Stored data
== == ==

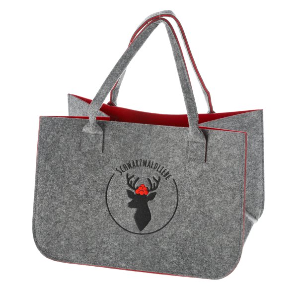 Filztasche Schwarzwald Heimatliebe, grau mit Stickerei 40x27 cm - Einkaufstasche, Heimat Handtasche, Geschenktasche Grau
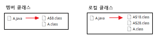 - 바깥 클래스를 컴파일하면 중첩 클래스에 대한 별도의 바이트코드 파일(.class)이 생성된다.
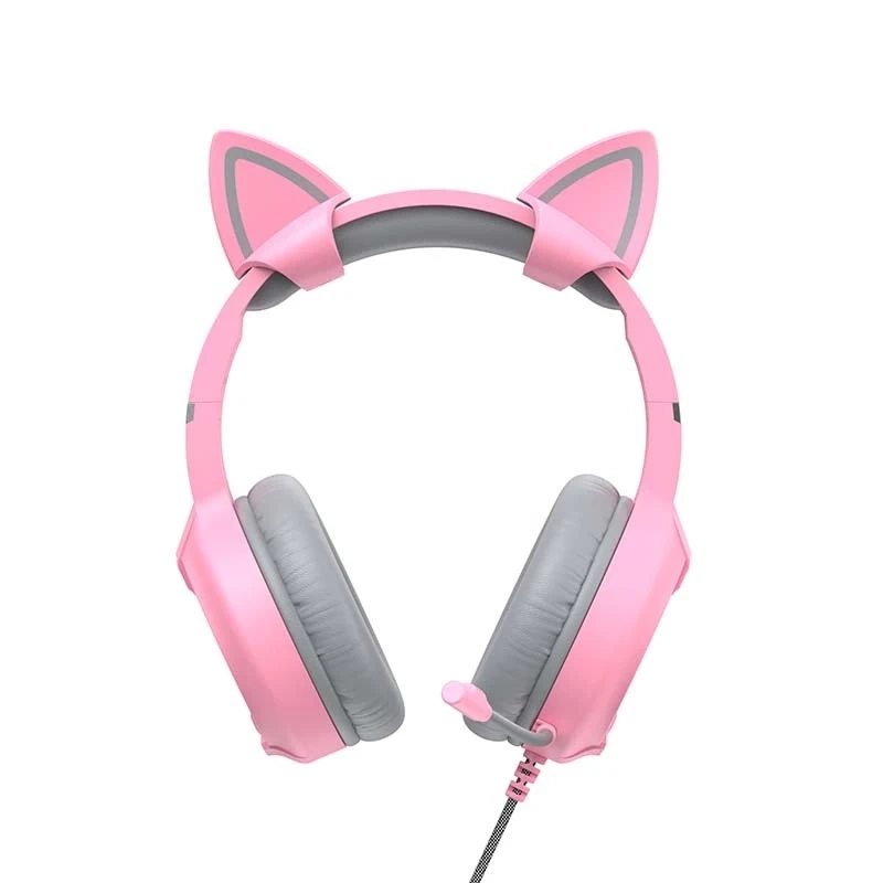 Teraz bez trudu usłyszysz nadchodzących przeciwników i jeszcze lepiej odnajdziesz się w świecie ulubionej gry. Słuchawki gamingowe Havit H2233D zapewniają fantastyczną jakość dźwięku dzięki dużym głośnikom 50 mm, a miękkie nauszniki idealnie przylegają do uszu i tłumią zbędne odgłosy. Kolorowe podświetlenie nadaje urządzeniu niepowtarzalny, gamingowy charakter, a dookólny mikrofon ułatwia komunikację z innymi graczami. Dodatkową ozdobą słuchawek są odczepiane nakładki w kształcie kocich uszu.
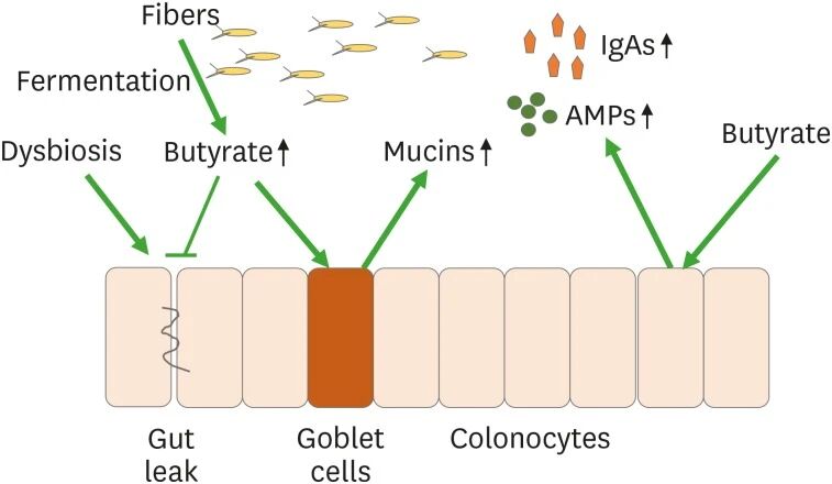 由纤维通过细菌发酵产生的丁酸盐会刺激杯状细胞产生粘蛋白,丁酸盐还会刺激结肠细胞产生AMP和IgAs。
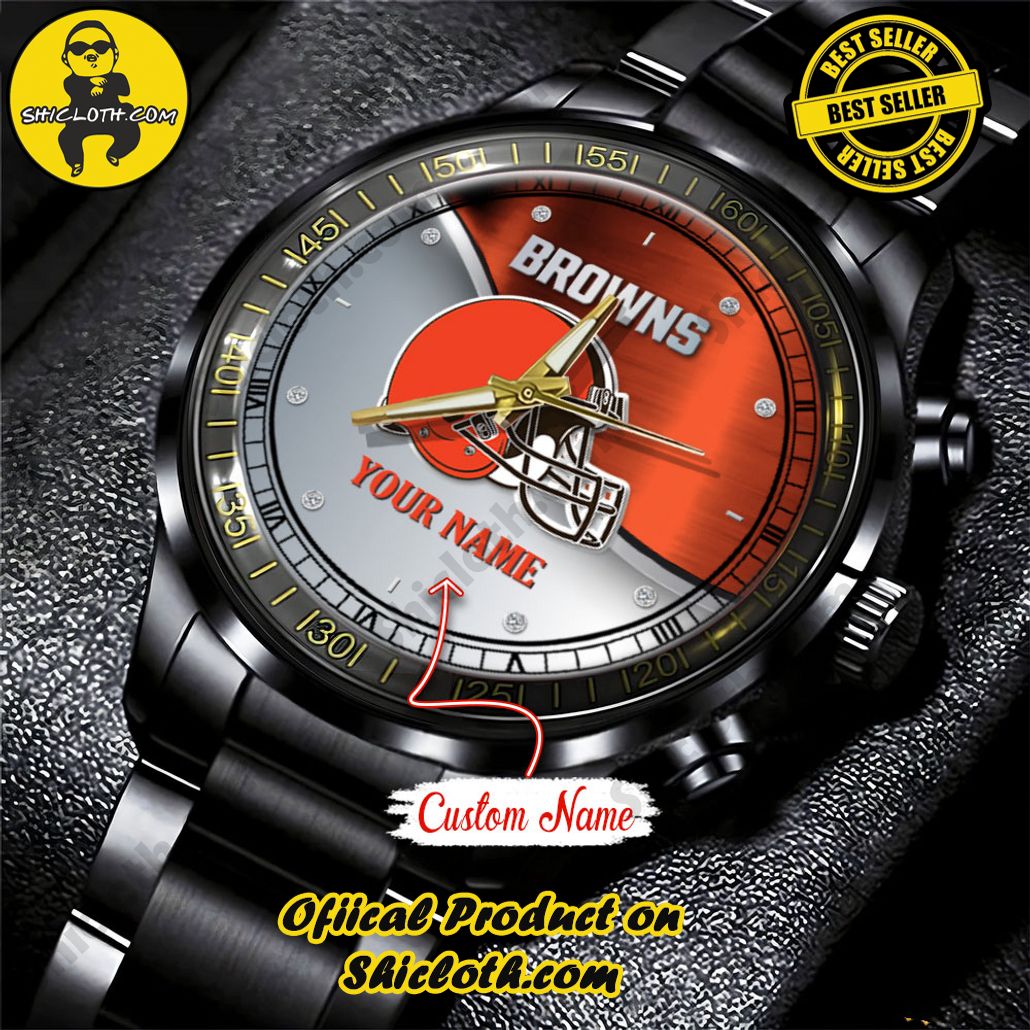Introducing the NFL Cleveland Browns Custom Name Stainless Steel Watch by Shicloth, a timeless accessory that combines sophistication, durability, and style in one sleek package.

== == ==

▸ Prompt:
Every picture stays out; reproduce exactly the lines from the one with "Teraz bez trudu" through the last line of the data above.

▸ Answer space:
 Teraz bez trudu usłyszysz nadchodzących przeciwników i jeszcze lepiej odnajdziesz się w świecie ulubionej gry. Słuchawki gamingowe Havit H2233D zapewniają fantastyczną jakość dźwięku dzięki dużym głośnikom 50 mm, a miękkie nauszniki idealnie przylegają do uszu i tłumią zbędne odgłosy. Kolorowe podświetlenie nadaje urządzeniu niepowtarzalny, gamingowy charakter, a dookólny mikrofon ułatwia komunikację z innymi graczami. Dodatkową ozdobą słuchawek są odczepiane nakładki w kształcie kocich uszu.
 由纤维通过细菌发酵产生的丁酸盐会刺激杯状细胞产生粘蛋白,丁酸盐还会刺激结肠细胞产生AMP和IgAs。
Introducing the NFL Cleveland Browns Custom Name Stainless Steel Watch by Shicloth, a timeless accessory that combines sophistication, durability, and style in one sleek package.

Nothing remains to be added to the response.